- [What the task asks]: The answer must consist solely of the lines below starting at the one containing "ASAD GARMENTS Women" and ending at the one containing "Limitations: Heat efficiency", repeated exactly, with both ends included and all pictures omitted.

- [Input data]:
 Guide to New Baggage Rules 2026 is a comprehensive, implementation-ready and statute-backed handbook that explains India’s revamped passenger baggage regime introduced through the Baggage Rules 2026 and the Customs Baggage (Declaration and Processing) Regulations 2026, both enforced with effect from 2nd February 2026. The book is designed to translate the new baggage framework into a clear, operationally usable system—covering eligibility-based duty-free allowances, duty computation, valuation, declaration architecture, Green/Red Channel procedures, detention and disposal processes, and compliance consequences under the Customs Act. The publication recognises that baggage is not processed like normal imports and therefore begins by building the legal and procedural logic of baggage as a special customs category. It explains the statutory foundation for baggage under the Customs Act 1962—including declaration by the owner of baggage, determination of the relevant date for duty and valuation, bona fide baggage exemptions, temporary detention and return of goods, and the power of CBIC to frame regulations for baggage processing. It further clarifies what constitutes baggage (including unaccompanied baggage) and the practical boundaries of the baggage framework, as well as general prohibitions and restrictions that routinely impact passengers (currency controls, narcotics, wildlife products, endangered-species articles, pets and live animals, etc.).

--

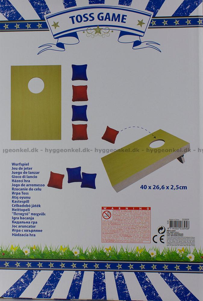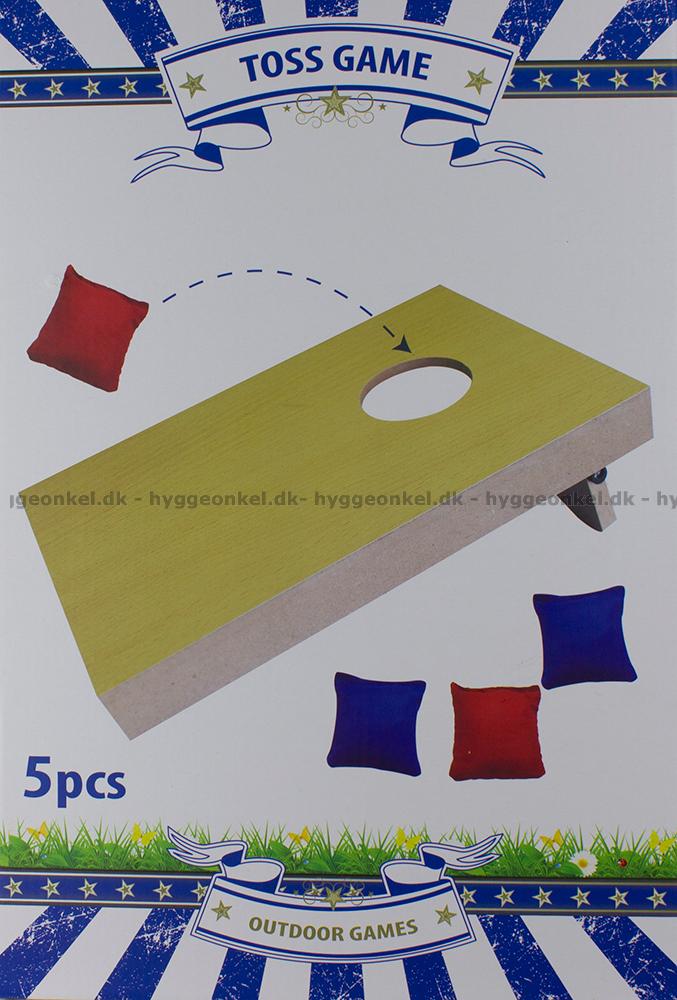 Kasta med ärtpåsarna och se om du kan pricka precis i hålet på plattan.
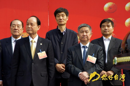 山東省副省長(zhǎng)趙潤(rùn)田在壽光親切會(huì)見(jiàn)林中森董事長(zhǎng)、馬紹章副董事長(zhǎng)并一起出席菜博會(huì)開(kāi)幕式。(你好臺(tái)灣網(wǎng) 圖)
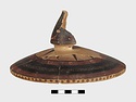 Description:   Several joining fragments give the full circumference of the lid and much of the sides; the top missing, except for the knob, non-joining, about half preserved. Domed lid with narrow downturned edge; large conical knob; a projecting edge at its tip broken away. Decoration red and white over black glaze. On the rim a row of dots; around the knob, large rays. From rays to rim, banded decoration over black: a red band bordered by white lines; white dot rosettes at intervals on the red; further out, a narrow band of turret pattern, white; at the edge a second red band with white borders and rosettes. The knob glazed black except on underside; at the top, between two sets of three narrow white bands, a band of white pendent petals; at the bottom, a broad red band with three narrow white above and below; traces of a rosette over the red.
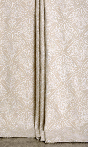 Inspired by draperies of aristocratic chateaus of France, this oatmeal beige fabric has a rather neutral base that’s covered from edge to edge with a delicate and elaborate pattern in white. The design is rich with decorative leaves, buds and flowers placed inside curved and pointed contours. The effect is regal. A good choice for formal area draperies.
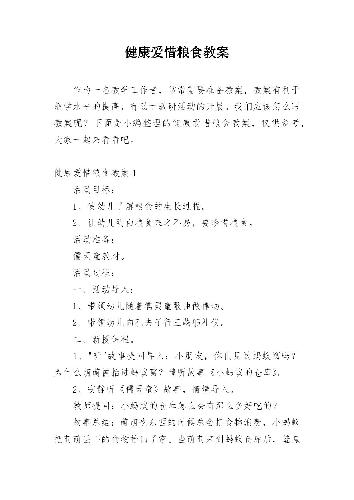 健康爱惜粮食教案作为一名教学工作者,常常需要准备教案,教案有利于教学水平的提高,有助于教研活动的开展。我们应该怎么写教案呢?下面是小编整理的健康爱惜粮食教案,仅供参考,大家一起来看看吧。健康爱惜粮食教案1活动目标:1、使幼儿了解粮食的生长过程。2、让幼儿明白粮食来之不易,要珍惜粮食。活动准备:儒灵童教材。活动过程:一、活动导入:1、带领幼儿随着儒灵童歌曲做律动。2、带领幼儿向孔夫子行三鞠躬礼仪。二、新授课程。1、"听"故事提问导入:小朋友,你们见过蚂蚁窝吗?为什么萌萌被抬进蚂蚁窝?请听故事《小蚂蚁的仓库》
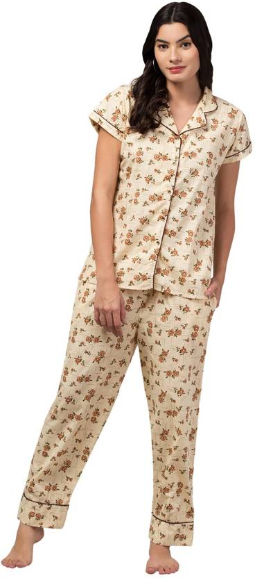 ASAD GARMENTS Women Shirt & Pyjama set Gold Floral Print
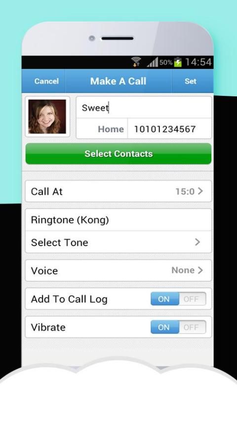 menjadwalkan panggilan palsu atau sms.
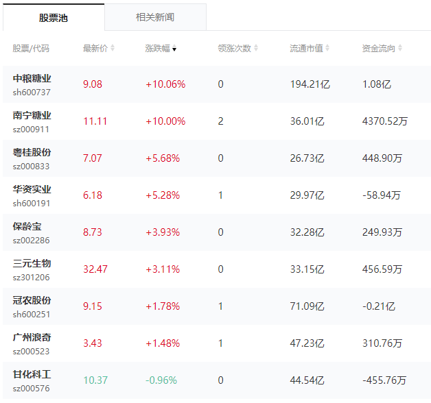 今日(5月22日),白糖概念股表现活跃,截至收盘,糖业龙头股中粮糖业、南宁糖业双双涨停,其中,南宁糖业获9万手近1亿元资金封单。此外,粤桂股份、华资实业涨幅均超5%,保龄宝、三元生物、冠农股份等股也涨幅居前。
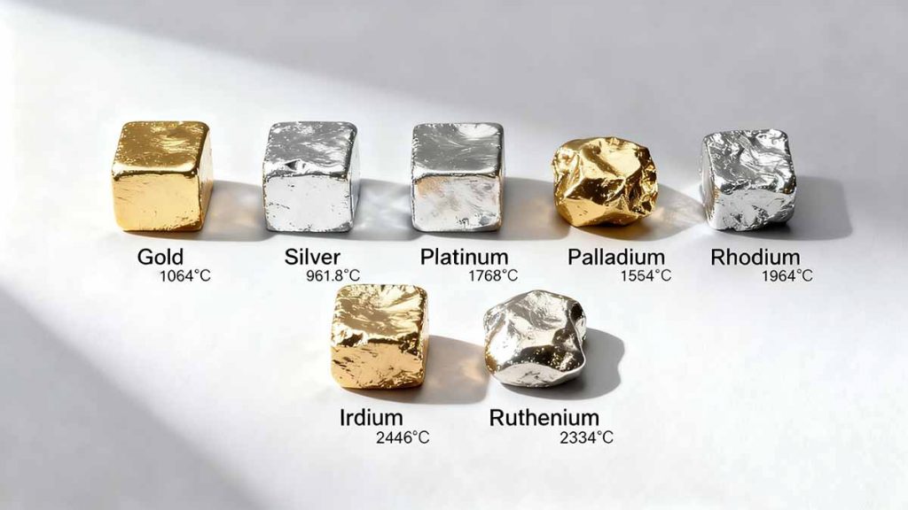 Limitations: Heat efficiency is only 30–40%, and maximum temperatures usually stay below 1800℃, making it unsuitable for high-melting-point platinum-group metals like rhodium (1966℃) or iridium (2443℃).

--

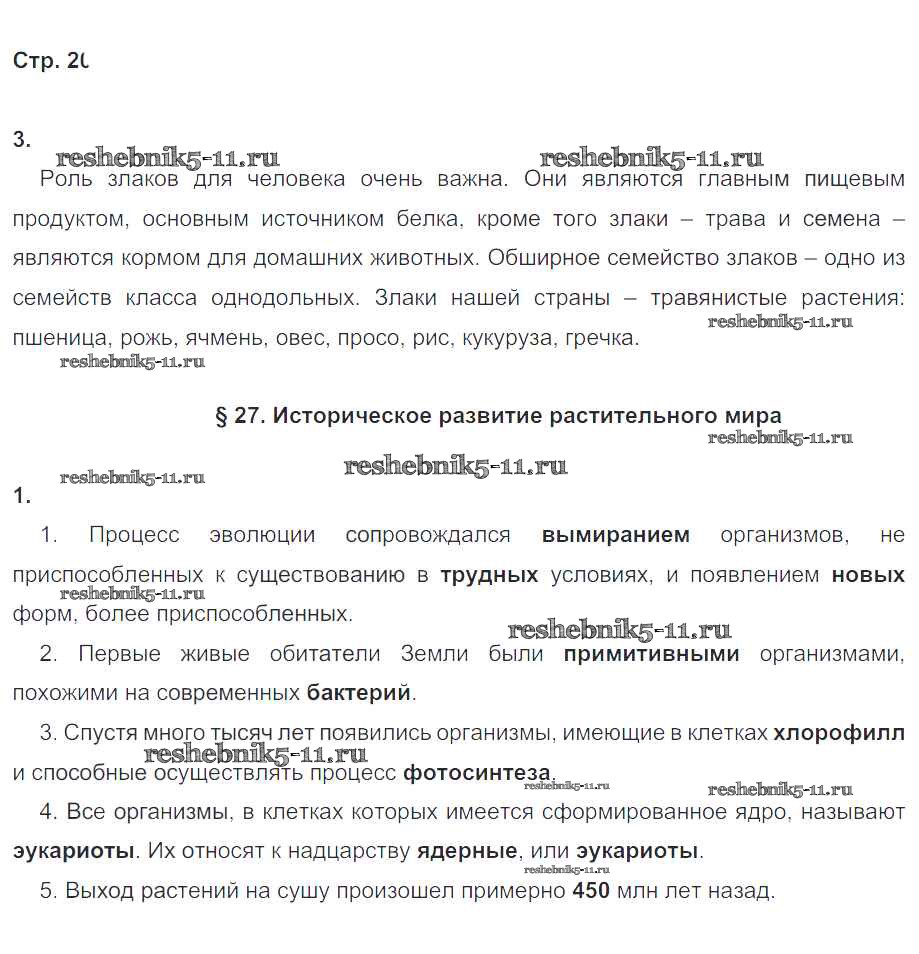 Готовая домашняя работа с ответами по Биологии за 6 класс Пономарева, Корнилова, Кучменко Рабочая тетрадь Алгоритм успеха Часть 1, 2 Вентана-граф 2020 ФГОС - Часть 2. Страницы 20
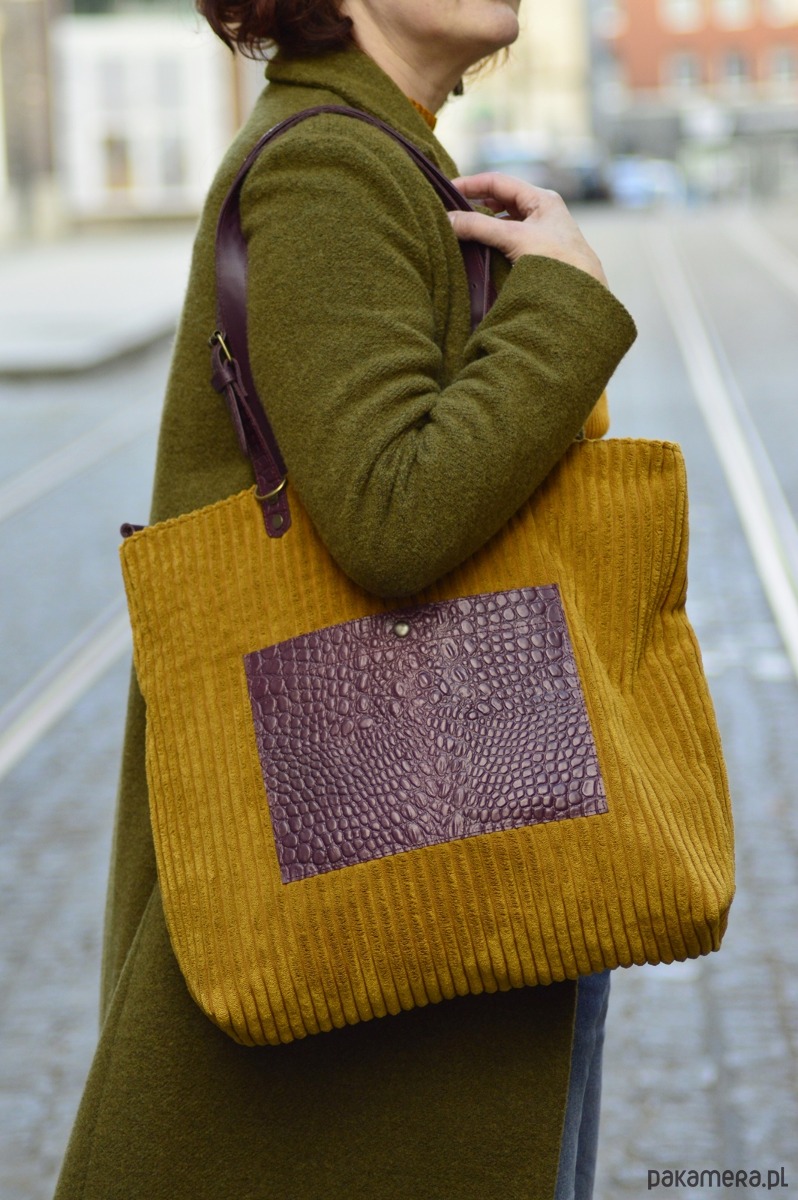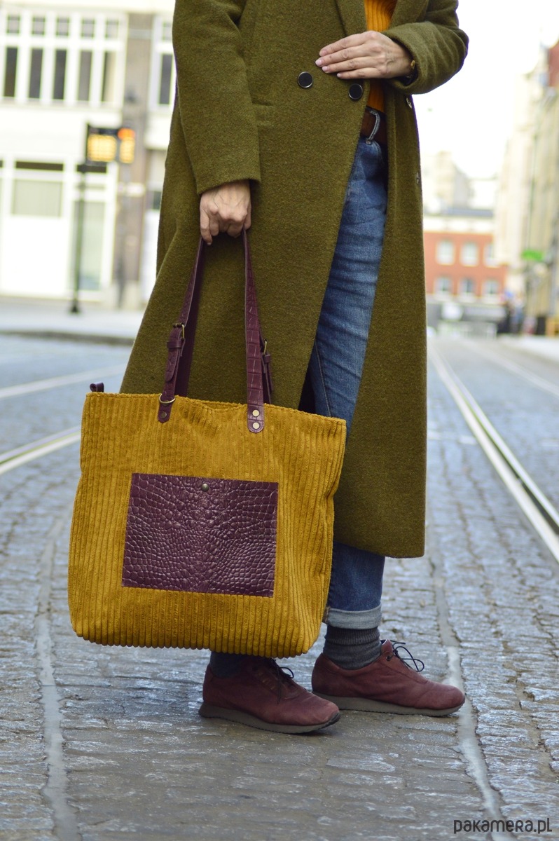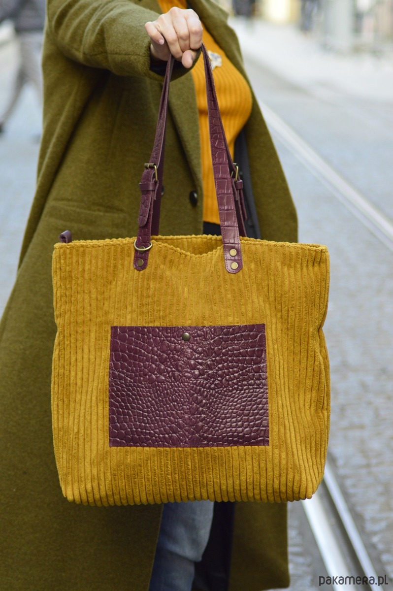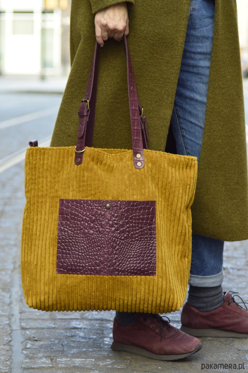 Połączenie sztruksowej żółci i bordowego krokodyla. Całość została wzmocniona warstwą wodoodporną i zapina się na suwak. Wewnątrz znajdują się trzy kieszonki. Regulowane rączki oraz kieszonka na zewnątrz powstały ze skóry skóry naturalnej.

- [Answer for the task]:
 ASAD GARMENTS Women Shirt & Pyjama set Gold Floral Print
 menjadwalkan panggilan palsu atau sms.
 今日(5月22日),白糖概念股表现活跃,截至收盘,糖业龙头股中粮糖业、南宁糖业双双涨停,其中,南宁糖业获9万手近1亿元资金封单。此外,粤桂股份、华资实业涨幅均超5%,保龄宝、三元生物、冠农股份等股也涨幅居前。
 Limitations: Heat efficiency is only 30–40%, and maximum temperatures usually stay below 1800℃, making it unsuitable for high-melting-point platinum-group metals like rhodium (1966℃) or iridium (2443℃).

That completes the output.